### WORK ORDER
Pictures are to be left out, and only the lines below starting at the one with "Postes De Travail" and ending at the one with "Tazón para gato" are to be reproduced, each exactly, both ends included.

BEGIN DATA EXCERPTS

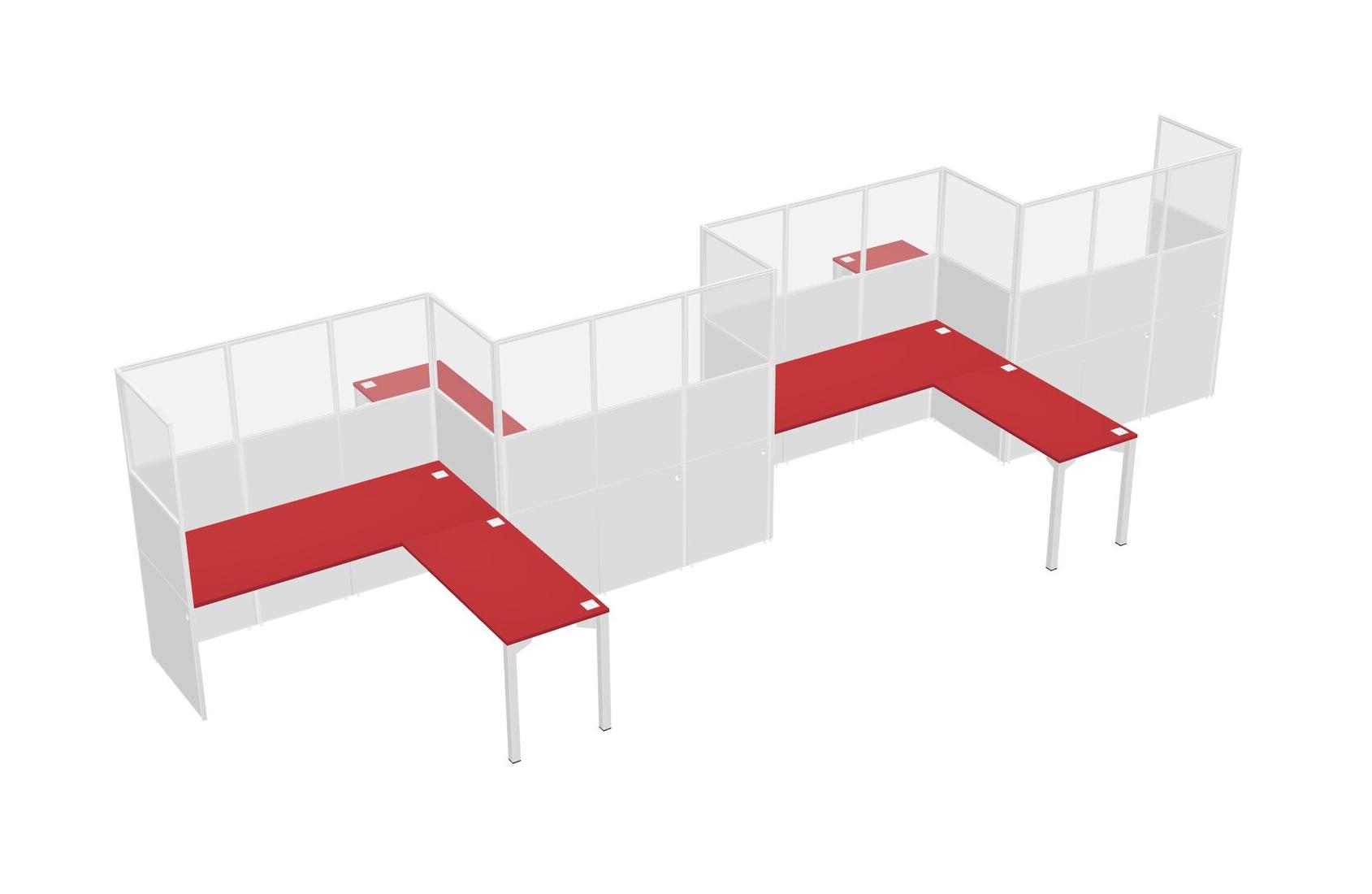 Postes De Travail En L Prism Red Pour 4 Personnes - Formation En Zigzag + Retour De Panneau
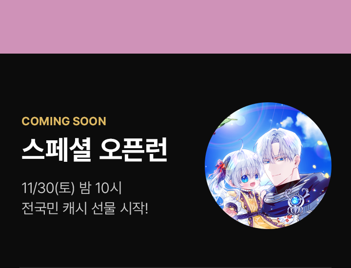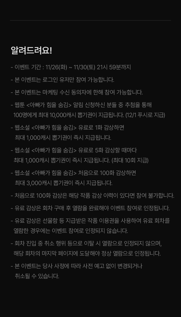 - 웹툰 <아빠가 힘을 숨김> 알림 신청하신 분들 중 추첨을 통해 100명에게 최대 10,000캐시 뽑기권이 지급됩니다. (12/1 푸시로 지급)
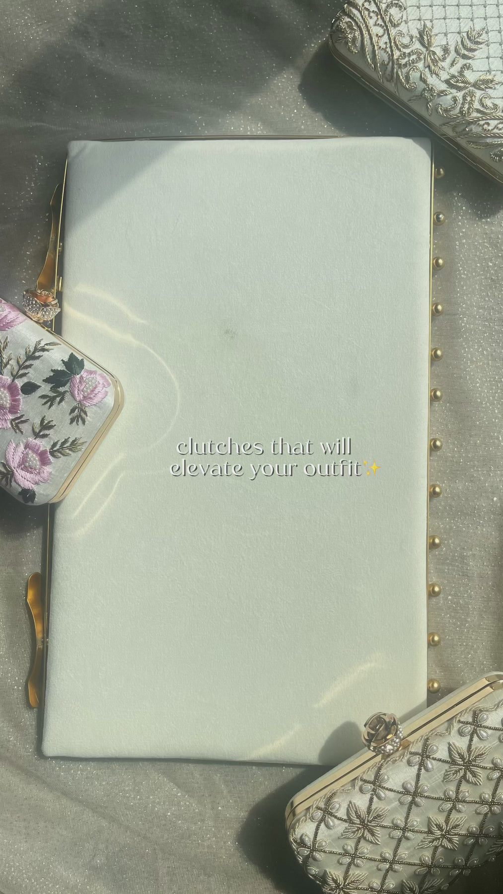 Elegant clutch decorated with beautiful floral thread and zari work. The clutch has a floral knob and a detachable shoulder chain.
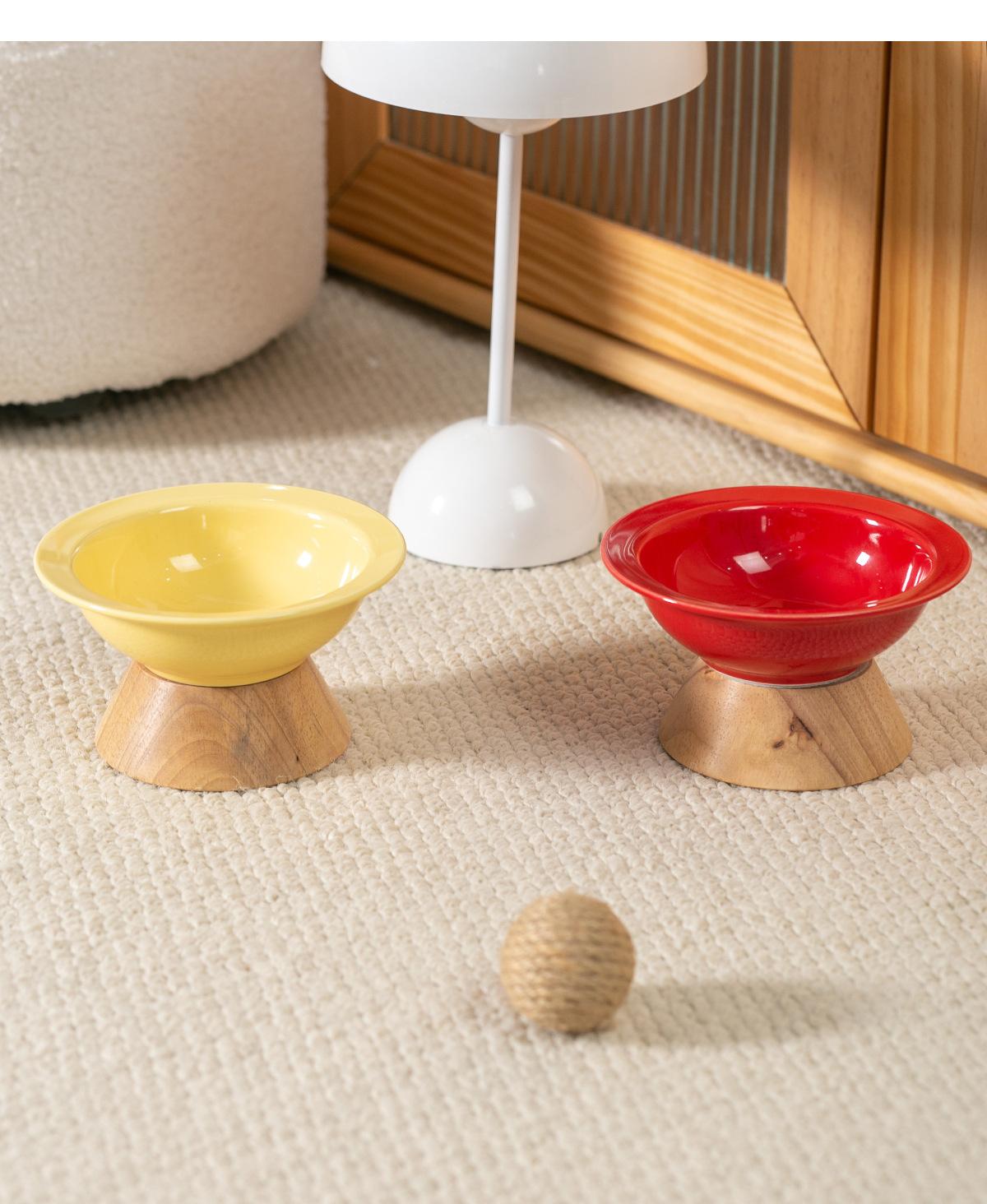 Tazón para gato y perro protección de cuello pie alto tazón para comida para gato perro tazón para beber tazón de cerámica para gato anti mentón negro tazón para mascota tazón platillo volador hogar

END DATA EXCERPTS
BEGIN DATA EXCERPTS

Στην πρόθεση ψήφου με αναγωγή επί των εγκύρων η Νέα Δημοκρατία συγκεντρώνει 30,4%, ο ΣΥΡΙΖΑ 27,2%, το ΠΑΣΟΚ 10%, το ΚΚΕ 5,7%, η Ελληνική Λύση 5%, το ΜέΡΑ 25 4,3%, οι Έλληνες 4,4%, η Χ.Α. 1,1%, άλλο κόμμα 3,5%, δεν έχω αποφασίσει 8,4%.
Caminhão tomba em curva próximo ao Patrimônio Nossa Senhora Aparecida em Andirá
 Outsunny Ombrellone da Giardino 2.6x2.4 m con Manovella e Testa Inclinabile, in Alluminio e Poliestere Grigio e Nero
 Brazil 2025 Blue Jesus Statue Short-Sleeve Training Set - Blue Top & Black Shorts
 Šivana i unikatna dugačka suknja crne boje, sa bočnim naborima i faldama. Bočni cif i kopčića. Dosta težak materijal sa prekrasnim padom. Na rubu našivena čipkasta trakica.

END DATA EXCERPTS
BEGIN DATA EXCERPTS

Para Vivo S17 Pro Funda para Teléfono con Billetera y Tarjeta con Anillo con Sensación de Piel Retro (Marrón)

END DATA EXCERPTS

### ANSWER SECTION
 Postes De Travail En L Prism Red Pour 4 Personnes - Formation En Zigzag + Retour De Panneau
 - 웹툰 <아빠가 힘을 숨김> 알림 신청하신 분들 중 추첨을 통해 100명에게 최대 10,000캐시 뽑기권이 지급됩니다. (12/1 푸시로 지급)
 Elegant clutch decorated with beautiful floral thread and zari work. The clutch has a floral knob and a detachable shoulder chain.
 Tazón para gato y perro protección de cuello pie alto tazón para comida para gato perro tazón para beber tazón de cerámica para gato anti mentón negro tazón para mascota tazón platillo volador hogar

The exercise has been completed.